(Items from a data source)
>>>
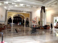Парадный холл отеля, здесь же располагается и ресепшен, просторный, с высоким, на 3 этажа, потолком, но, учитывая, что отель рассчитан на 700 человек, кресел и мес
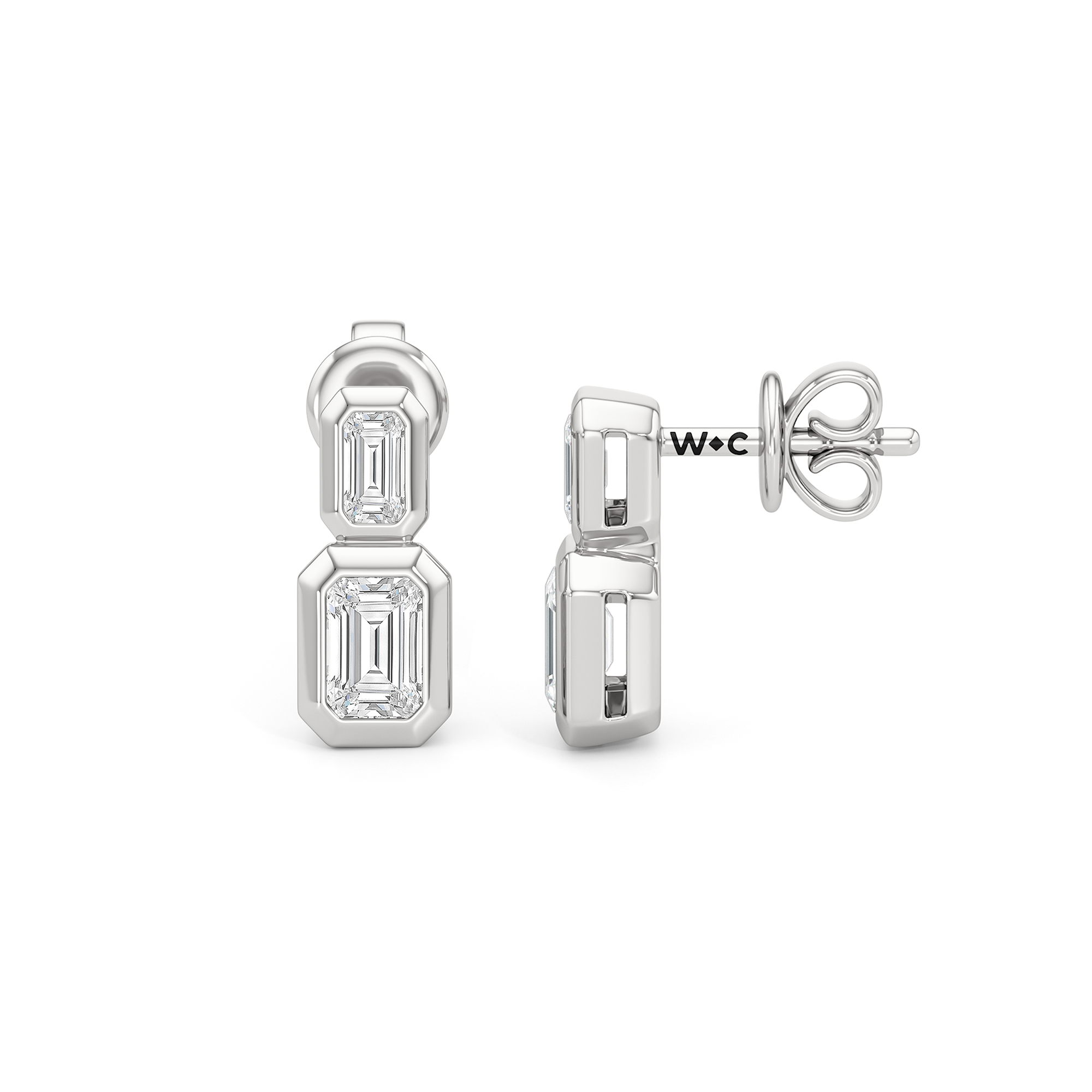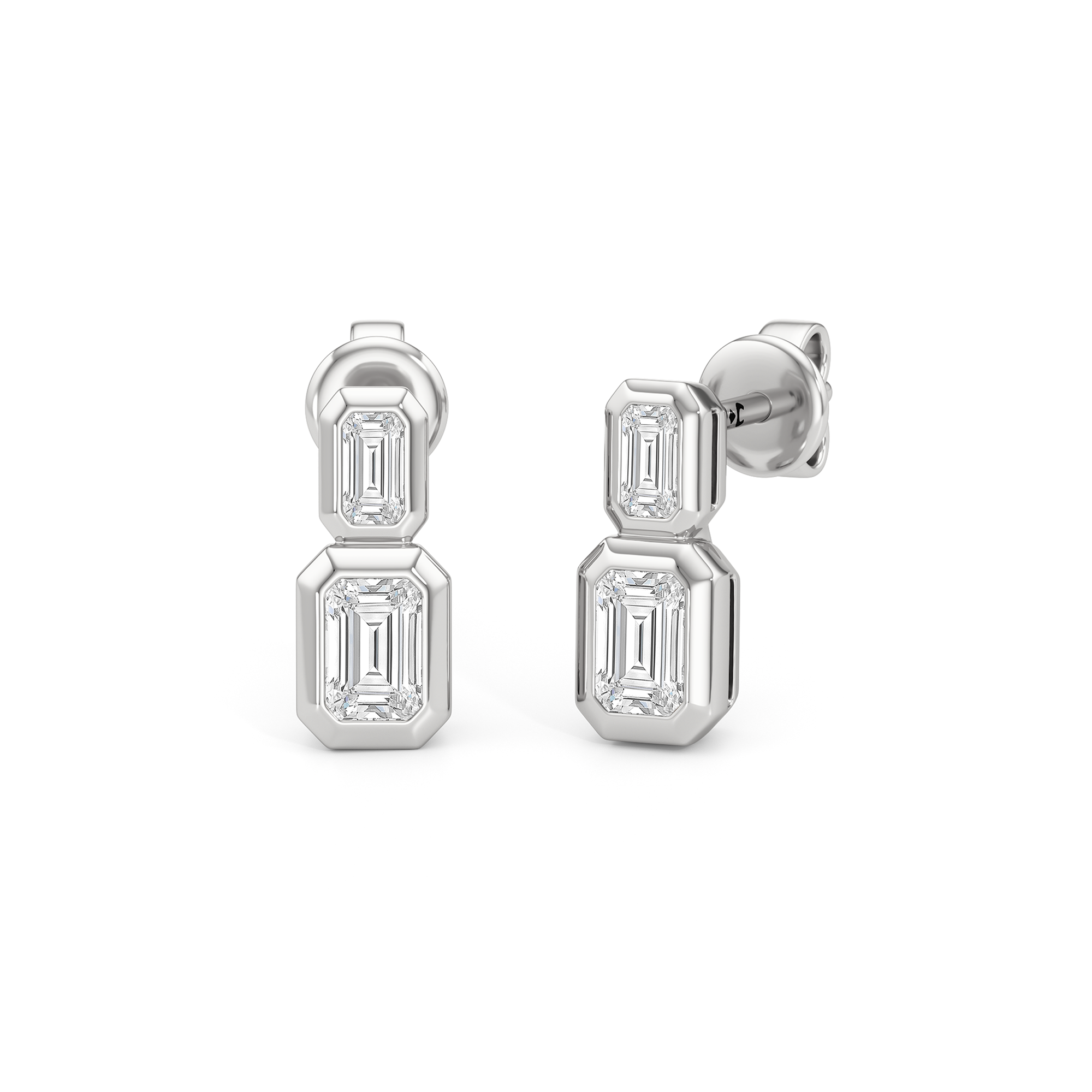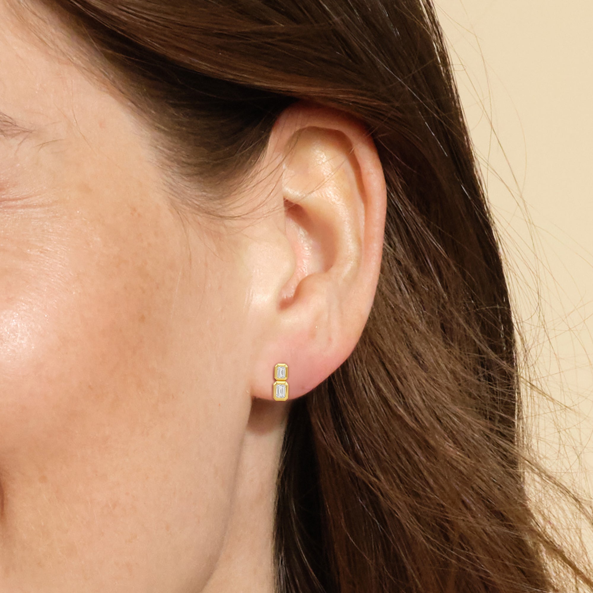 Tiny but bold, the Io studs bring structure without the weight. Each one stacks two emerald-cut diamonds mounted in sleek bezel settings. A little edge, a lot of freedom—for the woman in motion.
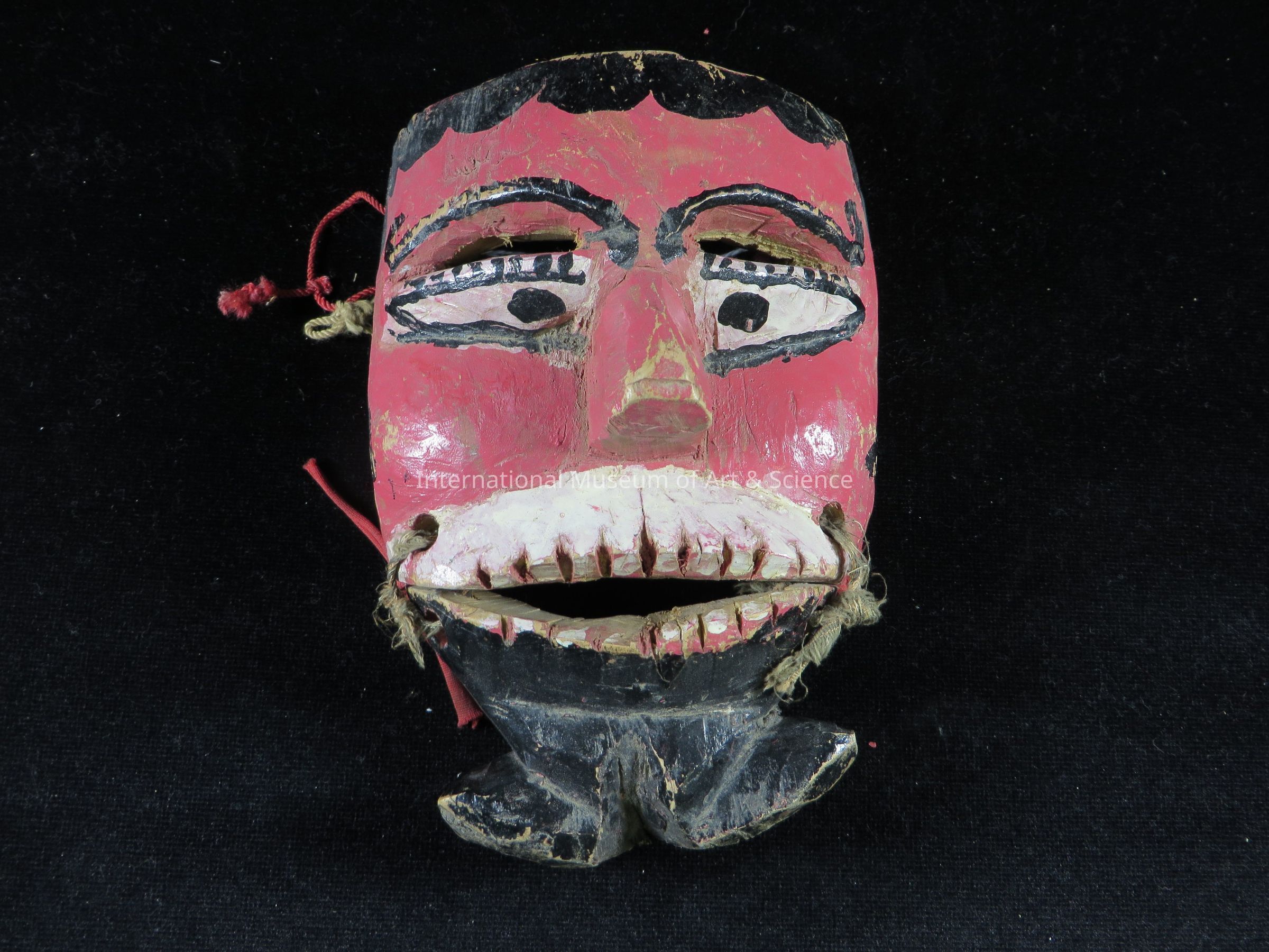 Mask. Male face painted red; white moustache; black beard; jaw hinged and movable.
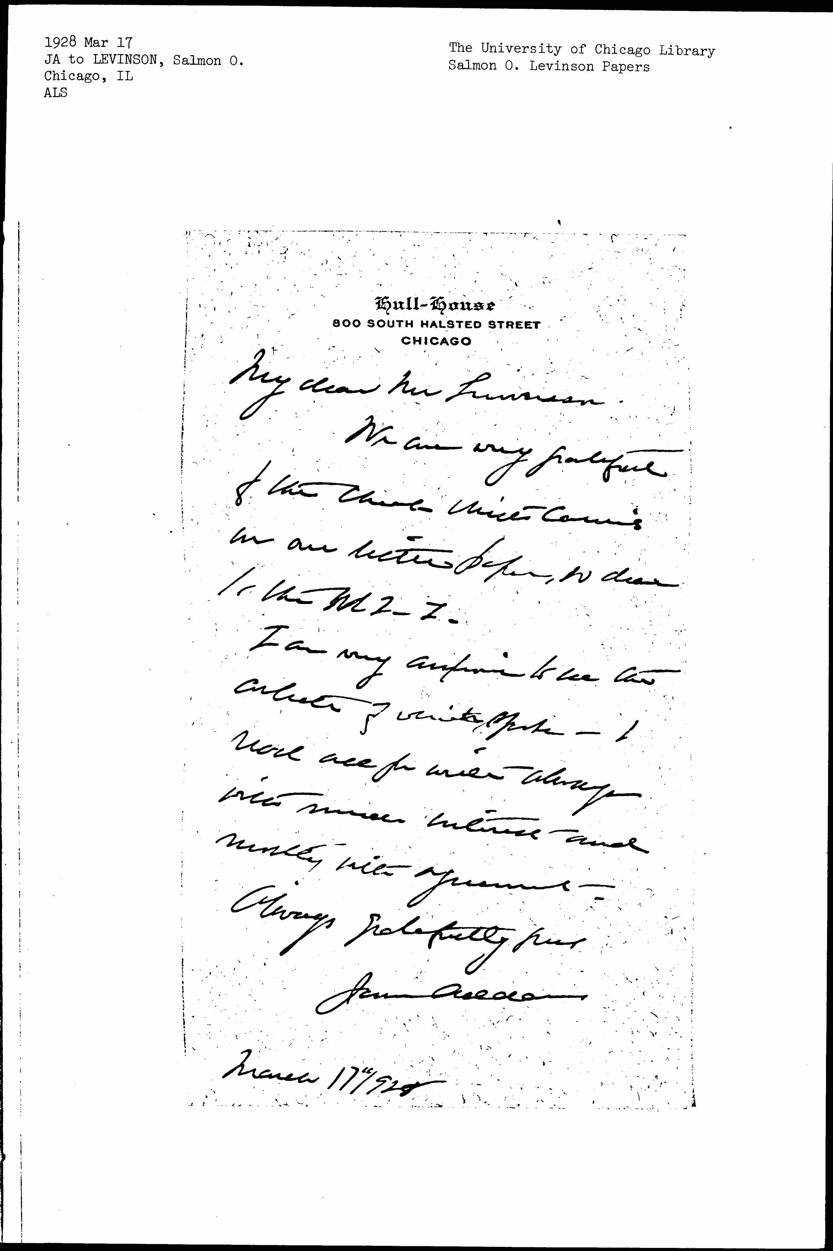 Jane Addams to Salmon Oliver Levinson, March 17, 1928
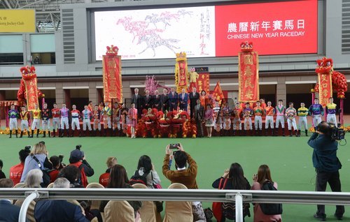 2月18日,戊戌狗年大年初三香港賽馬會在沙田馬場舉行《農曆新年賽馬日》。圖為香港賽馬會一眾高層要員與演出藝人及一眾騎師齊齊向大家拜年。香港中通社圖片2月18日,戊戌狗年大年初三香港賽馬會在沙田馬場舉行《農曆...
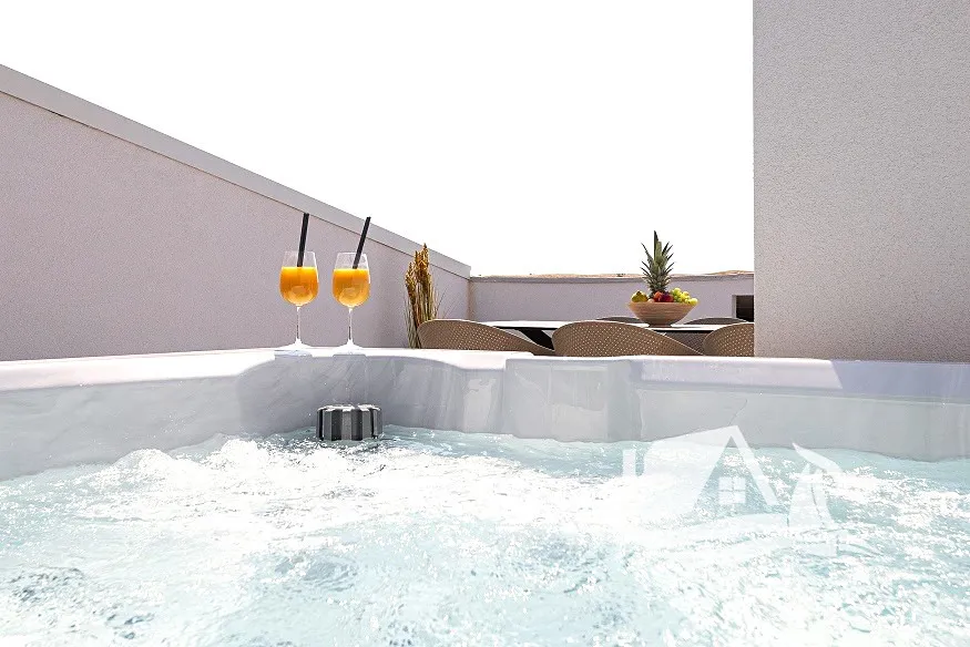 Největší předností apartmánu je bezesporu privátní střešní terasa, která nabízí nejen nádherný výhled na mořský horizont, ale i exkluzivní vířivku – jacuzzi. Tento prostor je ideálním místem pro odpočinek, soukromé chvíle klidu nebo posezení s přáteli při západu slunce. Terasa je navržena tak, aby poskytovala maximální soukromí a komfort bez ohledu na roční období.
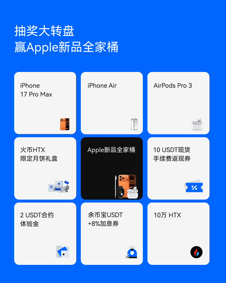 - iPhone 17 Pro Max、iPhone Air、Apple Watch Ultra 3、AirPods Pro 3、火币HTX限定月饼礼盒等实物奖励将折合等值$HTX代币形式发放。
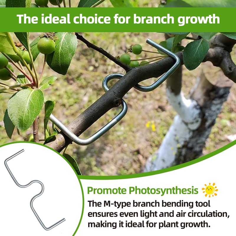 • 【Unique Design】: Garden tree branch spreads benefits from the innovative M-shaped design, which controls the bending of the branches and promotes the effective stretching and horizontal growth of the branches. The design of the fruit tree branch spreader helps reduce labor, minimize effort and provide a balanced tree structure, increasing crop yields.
<<<
• _What you should do_
Please restate the lines above exactly, starting at the first line of the data and stopping at the line containing "Tiny but bold, the", which is included. Omit pictures.

• _Finished task_
Парадный холл отеля, здесь же располагается и ресепшен, просторный, с высоким, на 3 этажа, потолком, но, учитывая, что отель рассчитан на 700 человек, кресел и мес
 Tiny but bold, the Io studs bring structure without the weight. Each one stacks two emerald-cut diamonds mounted in sleek bezel settings. A little edge, a lot of freedom—for the woman in motion.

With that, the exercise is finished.